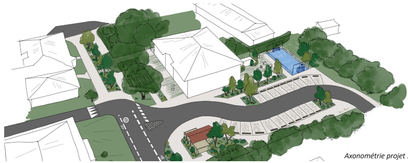
Axonométrie projet 1
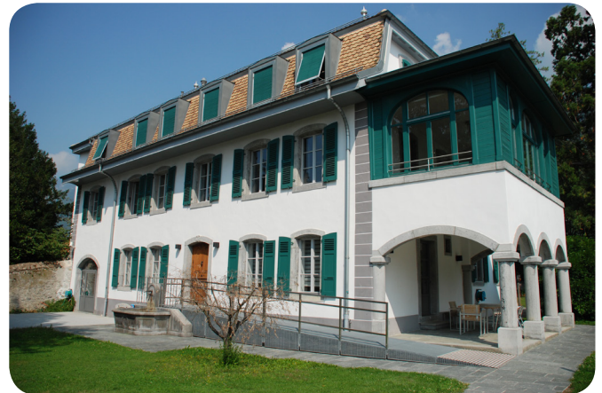
Rue de la Chapelle 5 à Aigle

2 semaines à Noël, 1 semaine à Pâques, et la dernière semaine de juin.
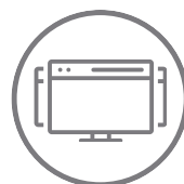
Sincronização de usuários entre InControls
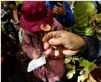
オオキツネタケ (食可)
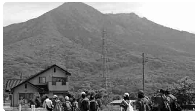
筑波山が近くに感じられますが…

5月22日に、筑波山往復（26キロメートル）登山が実施されました。これは、第2学年の「立志に関わる行事」の一つとして毎年実施しているもので、当日は午前7時50分に高道祖小学校をスタート、午前11時30分頃山頂に到着しました。午後5時過ぎに全員が元気に帰着、歩き終えた生徒の姿からは、クラスやグループの友達と助け合い、協力し合いなら困難を乗り越えた充実感が感じられました。

☆ ☆ ☆ ☆ ☆ ☆ ☆

How to complete this task:
Repeat only the lines between the start of the data and the line with "筑波山が近くに感じられますが…", including those two lines, and skip the pictures.

Response area:
Axonométrie projet 1
Rue de la Chapelle 5 à Aigle

2 semaines à Noël, 1 semaine à Pâques, et la dernière semaine de juin.
Sincronização de usuários entre InControls
オオキツネタケ (食可)
筑波山が近くに感じられますが…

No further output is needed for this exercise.